YOUR OBJECTIVE: Everything from the first line of the material to the line containing "Men’s Plus‑Size Turtleneck Slim‑Fit Sweater", inclusive, must be given again exactly; no pictures, and nothing past that line.

DATA BLOCK:
####

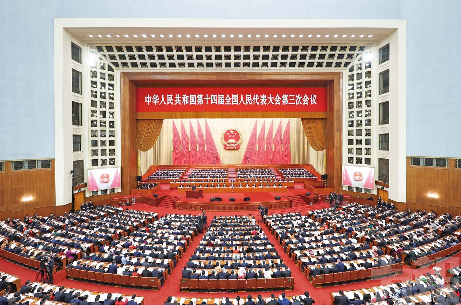 3月5日,十四屆全國人大三次會議開幕會在北京人民大會堂舉行。(新華社圖片)
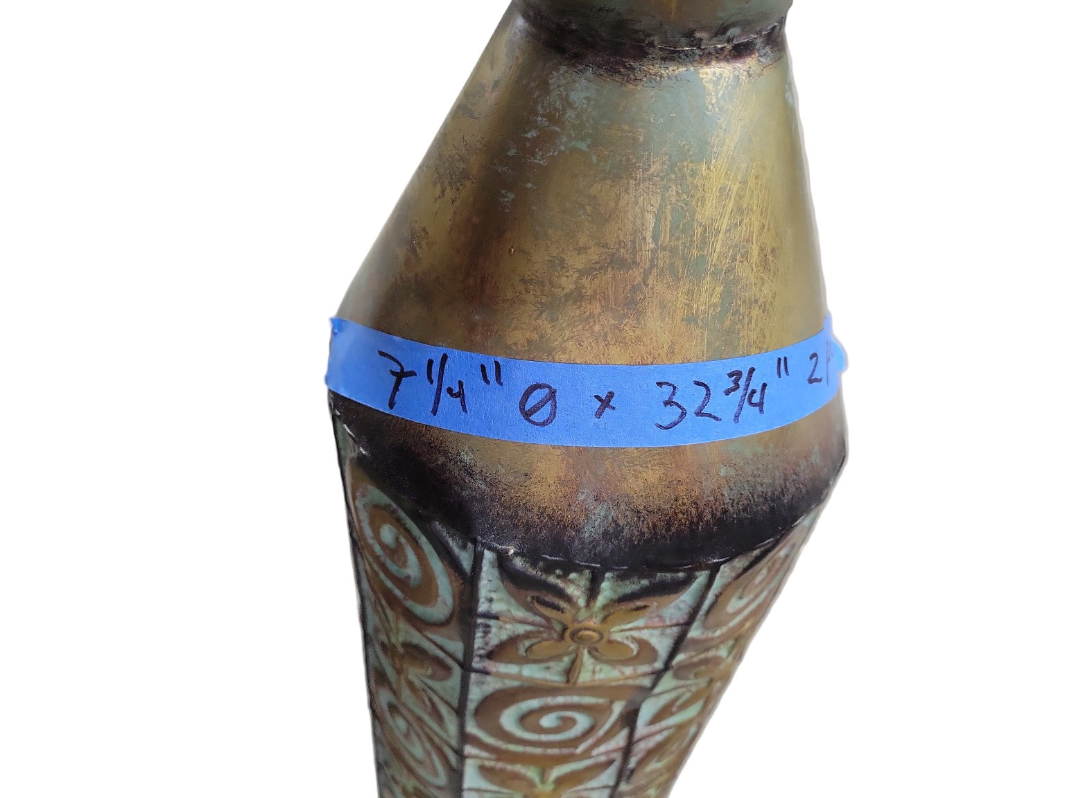 Pair of Tall Embossed Metal Floor Vases – Patina Finish
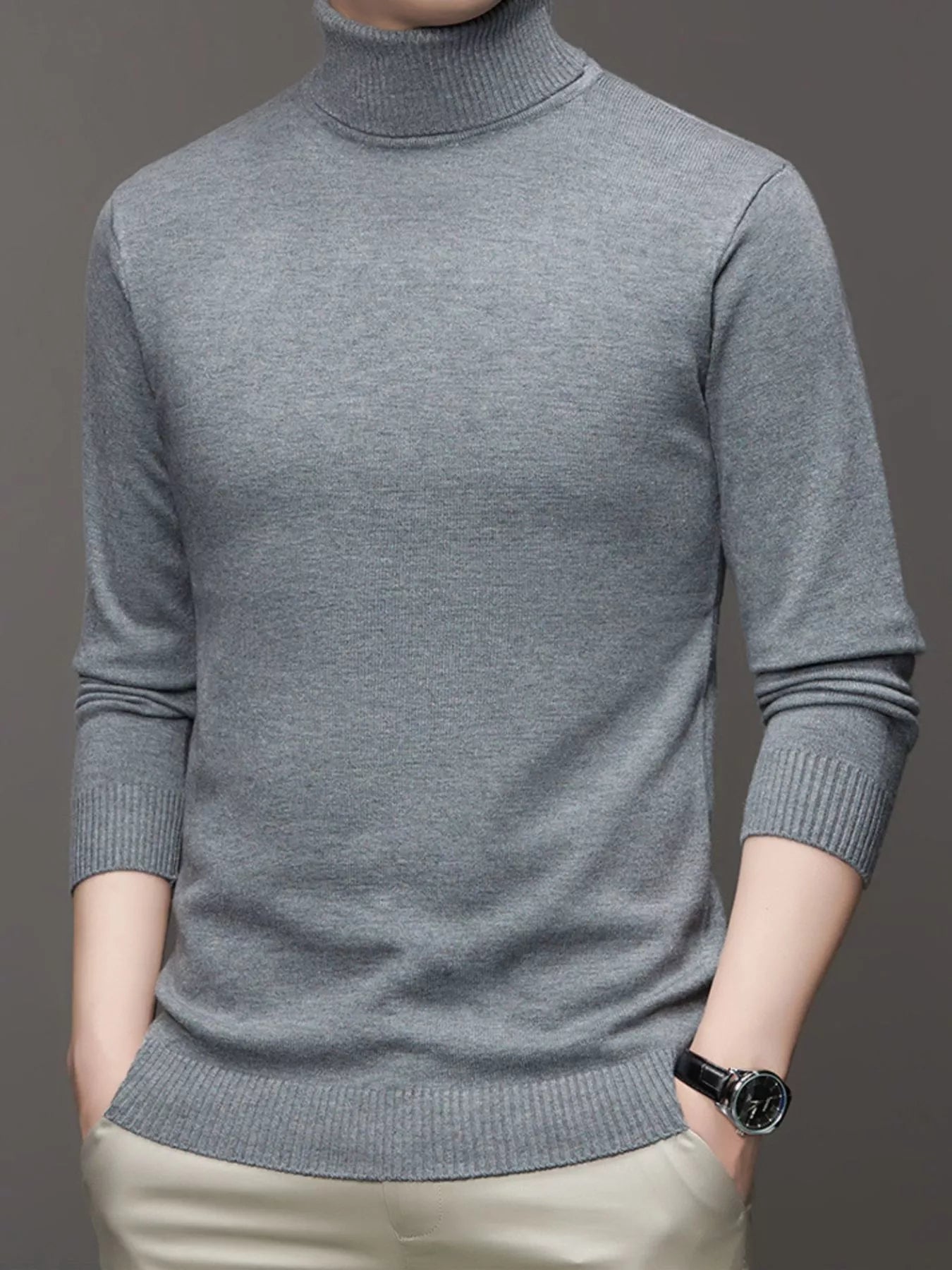 Men’s Plus‑Size Turtleneck Slim‑Fit Sweater
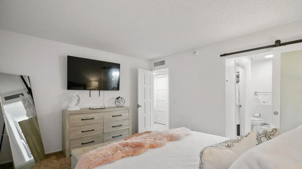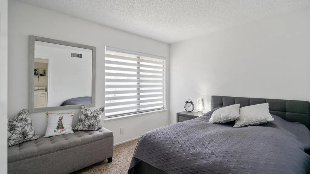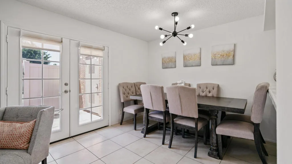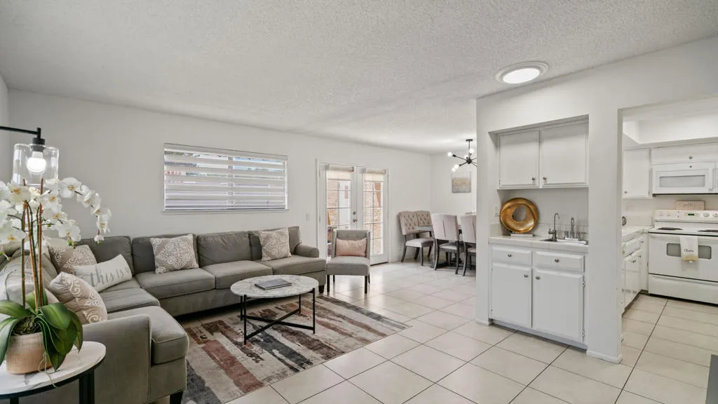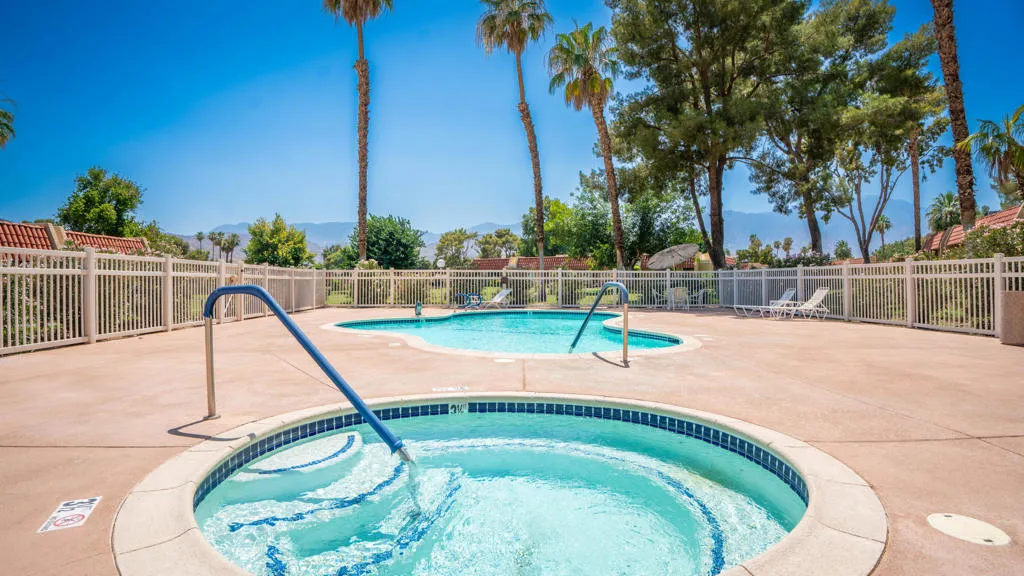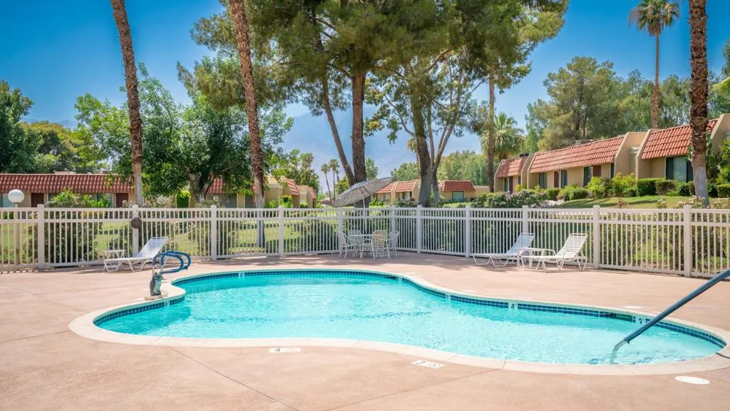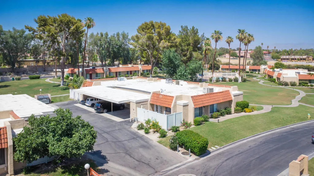 This charming condominium is located in a picturesque gated community. Features three bedrooms and two bathrooms, and you OWN THE LAND! The living room displays a gorgeous view of the surrounding mountains. This end unit has green belts and is a perfect space for quiet, comfortable living. Just steps away from the community pool. It also offers an enclosed private patio with access to two assigned parking spaces. Remodeled master bathrooms with dual sinks and a shower. The condo is being offered furnished, including a refrigerator, washer, and dryer. The community holds many possibilities in terms of fun activities. It provides multiple pools with spas and tennis courts for the active person. For those who prefer more luxurious options, this condo is near the restaurants, stores, and a movie theater in The River outdoor mall. This is the perfect place to call home!

####

RESPONSE AREA:
 3月5日,十四屆全國人大三次會議開幕會在北京人民大會堂舉行。(新華社圖片)
 Pair of Tall Embossed Metal Floor Vases – Patina Finish
 Men’s Plus‑Size Turtleneck Slim‑Fit Sweater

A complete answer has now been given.